MCT1-4 expression was screened by RT-PCR, Western blot analysis, and immunofluorescence. Endogenous lactate efflux and/or pH(i) were measured in BCEC in HCO(3)(-)-free or HCO(3)(-)-rich Ringer, with and without niflumic acid (MCT inhibitor), acetazolamide (ACTZ, a CA inhibitor), 5-(N-Ethyl-N-isopropyl)amiloride (EIPA) (Na(+)/H(+) exchange blocker), disodium 4,4'-diisothiocyanatostilbene-2,2'-disulfonate (DIDS; anion transport inhibitor), or with NBCe1-specific small interfering (si) RNA-treated cells.

RESULTS

MCT1, 2, and 4 are expressed in BCEC. MCT1 was localized to the lateral membrane, MCT2 was lateral and apical, while MCT4 was apical. pH(i) measurements showed significant lactate-induced cell acidification (LIA) in response to 20-second pulses of lactate.
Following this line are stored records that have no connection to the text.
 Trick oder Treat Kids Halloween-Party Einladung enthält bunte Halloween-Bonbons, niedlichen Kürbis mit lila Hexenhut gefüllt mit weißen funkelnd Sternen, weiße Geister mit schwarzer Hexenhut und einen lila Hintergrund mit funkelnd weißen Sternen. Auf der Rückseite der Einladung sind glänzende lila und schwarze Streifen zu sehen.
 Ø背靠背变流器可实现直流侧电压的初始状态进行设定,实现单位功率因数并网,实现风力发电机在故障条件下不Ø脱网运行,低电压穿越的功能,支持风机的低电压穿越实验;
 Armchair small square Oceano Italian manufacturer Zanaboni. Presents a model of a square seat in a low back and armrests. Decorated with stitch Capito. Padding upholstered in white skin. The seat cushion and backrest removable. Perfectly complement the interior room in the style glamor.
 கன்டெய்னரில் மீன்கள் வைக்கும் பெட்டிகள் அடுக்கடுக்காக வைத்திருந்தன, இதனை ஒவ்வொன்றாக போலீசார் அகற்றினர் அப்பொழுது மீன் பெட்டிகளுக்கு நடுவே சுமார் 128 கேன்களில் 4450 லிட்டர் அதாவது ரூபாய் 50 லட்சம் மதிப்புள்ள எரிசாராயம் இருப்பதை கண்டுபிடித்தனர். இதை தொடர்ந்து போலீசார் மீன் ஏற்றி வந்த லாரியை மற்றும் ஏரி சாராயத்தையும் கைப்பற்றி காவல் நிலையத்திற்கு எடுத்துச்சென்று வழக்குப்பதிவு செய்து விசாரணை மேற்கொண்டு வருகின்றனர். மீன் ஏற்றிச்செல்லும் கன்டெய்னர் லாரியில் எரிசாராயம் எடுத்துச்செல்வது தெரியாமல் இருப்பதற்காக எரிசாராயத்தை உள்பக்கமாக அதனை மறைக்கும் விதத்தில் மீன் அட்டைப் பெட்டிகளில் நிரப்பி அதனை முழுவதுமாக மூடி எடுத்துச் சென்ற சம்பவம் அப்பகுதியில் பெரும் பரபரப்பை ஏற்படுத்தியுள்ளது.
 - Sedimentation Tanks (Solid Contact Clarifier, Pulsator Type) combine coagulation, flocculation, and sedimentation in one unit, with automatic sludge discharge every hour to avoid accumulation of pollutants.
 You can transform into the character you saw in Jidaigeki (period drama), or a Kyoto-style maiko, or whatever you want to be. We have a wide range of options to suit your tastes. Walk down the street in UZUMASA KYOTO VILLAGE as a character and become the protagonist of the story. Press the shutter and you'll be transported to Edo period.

Incubation with niflumic acid significantly reduced the rate of pHi change (dpH(i)/dt) and lactate-induced cell acidification. EIPA inhibited alkalinization after lactate removal. Lactate-dependent proton flux was significantly greater in the presence of HCO(3)(-) but was reduced by ACTZ. Efflux of endogenously produced lactate was significantly faster in the presence of HCO(3)(-), was greater on the apical surface, was reduced on the apical side by ACTZ, as well as on the apical and basolateral side by NBCe1-specific siRNA, DIDS, or EIPA.

CONCLUSIONS

MCT1, 2, and 4 are expressed in BCEC on both the apical and basolateral membrane (BL) surfaces consistent with niflumic acid-sensitive lactate-H(+) transport. Lactate dependent proton flux can activate Na(+)/H(+) exchange and be facilitated by maximizing intracellular buffering capacity through the presence of HCO(3)(-), HCO(3)(-) transport, NHE and CA activity.

摘要

目的

鉴定并定位在牛角膜内皮细胞（BCEC）中表达的单羧酸转运蛋白（MCTs），并验证假设：HCO（3）（-）、碳酸氢钠共转运蛋白（NBCe1）、钠氢交换器（NHE）和碳酸酐酶（CA）活性缓冲作用有利于乳酸通量。

方法

通过 RT-PCR、Western blot 分析和免疫荧光筛选 MCT1-4 的表达。在无 HCO（3）（-）或富含 HCO（3）（-）的 Ringer 中，在有和没有尼氟酸（MCT 抑制剂）、乙酰唑胺（ACTZ，CA 抑制剂）、5-（N-乙基-N-异丙基）amiloride（EIPA）（Na（+）/H（+）交换阻断剂）、二磺酸钠 4,4'-二异硫氰酸基二苯乙烯-2,2'-二磺酸盐（DIDS；阴离子转运抑制剂）或用 NBCe1 特异性小干扰（si）RNA 处理的细胞中，测量 BCEC 中的内源性乳酸外排和/或 pH（i）。

结果

MCT1、2 和 4 在 BCEC 中表达。MCT1 定位于侧膜，MCT2 定位于侧膜和顶膜，而 MCT4 定位于顶膜。pH（i）测量显示，乳酸脉冲 20 秒后，细胞发生明显的乳酸诱导酸化（LIA）。尼氟酸孵育显著降低 pH（i）变化率（dpH（i）/dt）和乳酸诱导的细胞酸化。乳酸去除后，EIPA 抑制碱化。在 HCO（3）（-）存在下，乳酸依赖性质子通量显著增加，但 ACTZ 可减少其通量。内源性产生的乳酸的外排速度在 HCO（3）（-）存在时明显更快，在顶膜上更大，在顶膜侧被 ACTZ 降低，在顶膜和基底外侧被 NBCe1 特异性 siRNA、DIDS 或 EIPA 降低。

结论

MCT1、2 和 4 在 BCEC 的顶膜和基底外侧膜（BL）表面表达，与尼氟酸敏感的乳酸-H（+）转运一致。乳酸依赖的质子通量可以激活 Na（+）/H（+）交换，并通过存在 HCO（3）（-）、HCO（3）（-）转运、NHE 和 CA 活性来最大限度地增加细胞内缓冲能力来促进其转运。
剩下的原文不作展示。